- YOUR ASSIGNMENT -
Strip out all images, then restate the data verbatim.

- SUPPLIED MATERIAL -
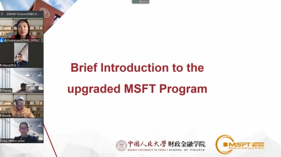 In the next session, Yuanyuan Song briefly introduced the upgraded MSFT Program. She pointed out that as China is leading the FinTech industry’s development internationally, SFRUC is also catching up with cultivating international FinTech leaders to meet the growing market’s talent demand. She introduced new highlights of the program, the cutting-edge course design, the industry advisor system, a variety of extracurricular activities, scholarship policies, admission requirements and etc.
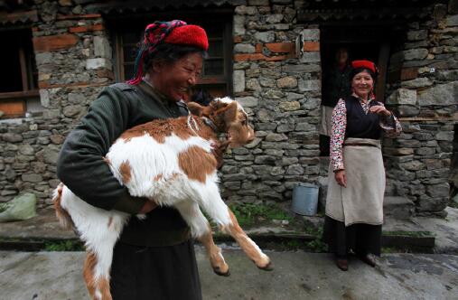 次仁央宗(右)是“薩瑪酒歌”的傳承人,這項門巴族的傳統(tǒng)藝術已經成為國家級非物質文化遺產。現(xiàn)在她正在村里修建灌渠的施工隊里打短工,一天可以掙一百元,此時被村長叫回家接受了我們的采訪。(攝影/ 邱衍慶)
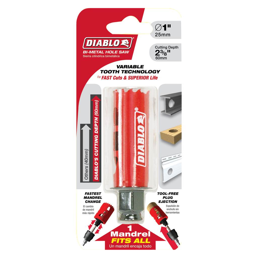 Diablo’s new, high performance hole saws deliver faster cutting performance and increased productivity. Unlike anything on the market, Diablo’s hole saw system and mandrel design simplify the attachment process for fast and efficient hole saw mounting. These radical new hole saws provide ultimate cutting length to bore deeper holes in a single pass, tool-free plug ejection and Variable Tooth Design for faster cuts.
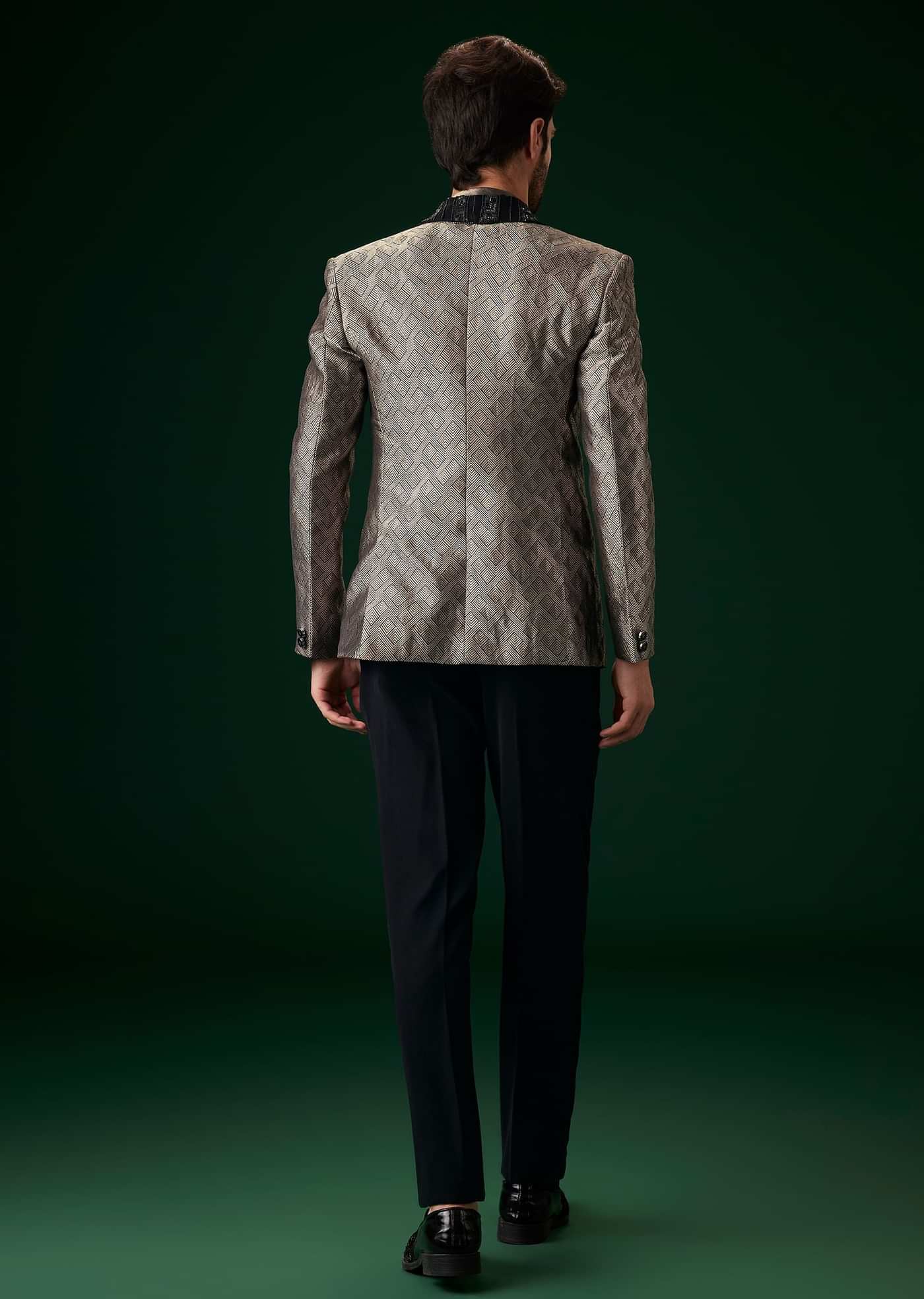 Black Banarasi Silk Tuxedo With Cut Dana And Crystal Embroidery

- SOLUTION TO THIS PROBLEM -
 In the next session, Yuanyuan Song briefly introduced the upgraded MSFT Program. She pointed out that as China is leading the FinTech industry’s development internationally, SFRUC is also catching up with cultivating international FinTech leaders to meet the growing market’s talent demand. She introduced new highlights of the program, the cutting-edge course design, the industry advisor system, a variety of extracurricular activities, scholarship policies, admission requirements and etc.
 次仁央宗(右)是“薩瑪酒歌”的傳承人,這項門巴族的傳統(tǒng)藝術已經成為國家級非物質文化遺產。現(xiàn)在她正在村里修建灌渠的施工隊里打短工,一天可以掙一百元,此時被村長叫回家接受了我們的采訪。(攝影/ 邱衍慶)
 Diablo’s new, high performance hole saws deliver faster cutting performance and increased productivity. Unlike anything on the market, Diablo’s hole saw system and mandrel design simplify the attachment process for fast and efficient hole saw mounting. These radical new hole saws provide ultimate cutting length to bore deeper holes in a single pass, tool-free plug ejection and Variable Tooth Design for faster cuts.
 Black Banarasi Silk Tuxedo With Cut Dana And Crystal Embroidery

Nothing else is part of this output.